EXERCISE GOAL
Drop all pictures and repeat exactly the lines from the line holding "The Energy Cell" through the end of the records.

━━━━━ GIVEN DATA ━━━━━

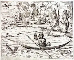 The written historical accounts of Nunavut begin in 1576, with an account by English explorer, Martin Frobisher.[9] Frobisher, while leading an expedition to find the Northwest Passage, thought he had discovered gold ore around the body of water now known as Frobisher Bay on the coast of Baffin Island.[10] While the ore turned out worthless, Frobisher made the first recorded European contact with the Inuit. Other explorers in search of the elusive Northwest Passage followed in the 17th century, including Henry Hudson, William Baffin and Robert Bylot. Despite these explorations, these events ultimately had no significant impact on the Nunavut and its peoples.[9]
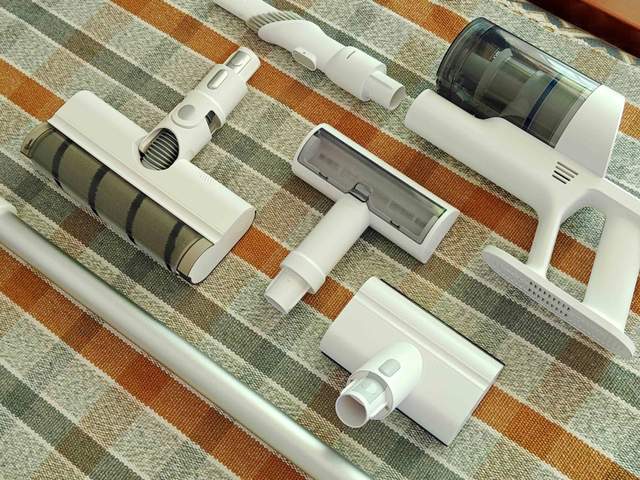 其他配件:遇到衣服、床面沾毛,只要用静电除毛刷轻轻推拉就能轻松除毛比,粘毛器省时 10 倍。;碰到低矮空间和缝隙,就换上扁口吸和软毛刷,180°智能躺平设计能把这些卫生死角打扫得干干净净。
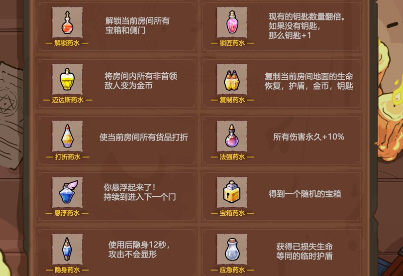 11、解锁药水:解锁当前房间所有宝箱和侧门
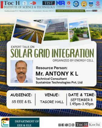 The Energy Cell of the Department of EEE at Toc H Institute of Science and Technology organized an expert talk on “Solar Grid Integration” on September 8, 2025 at Tagore Hall.
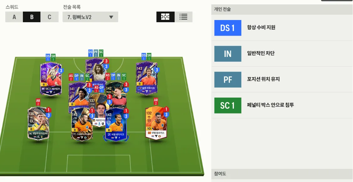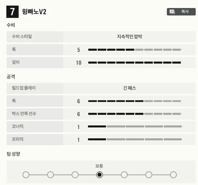 기존 전술과 다른건 윙의 개인전술인데 뒷침이외에는 밸런스로 맞췄습니다.

━━━━━

TASK RESULT
 The Energy Cell of the Department of EEE at Toc H Institute of Science and Technology organized an expert talk on “Solar Grid Integration” on September 8, 2025 at Tagore Hall.
 기존 전술과 다른건 윙의 개인전술인데 뒷침이외에는 밸런스로 맞췄습니다.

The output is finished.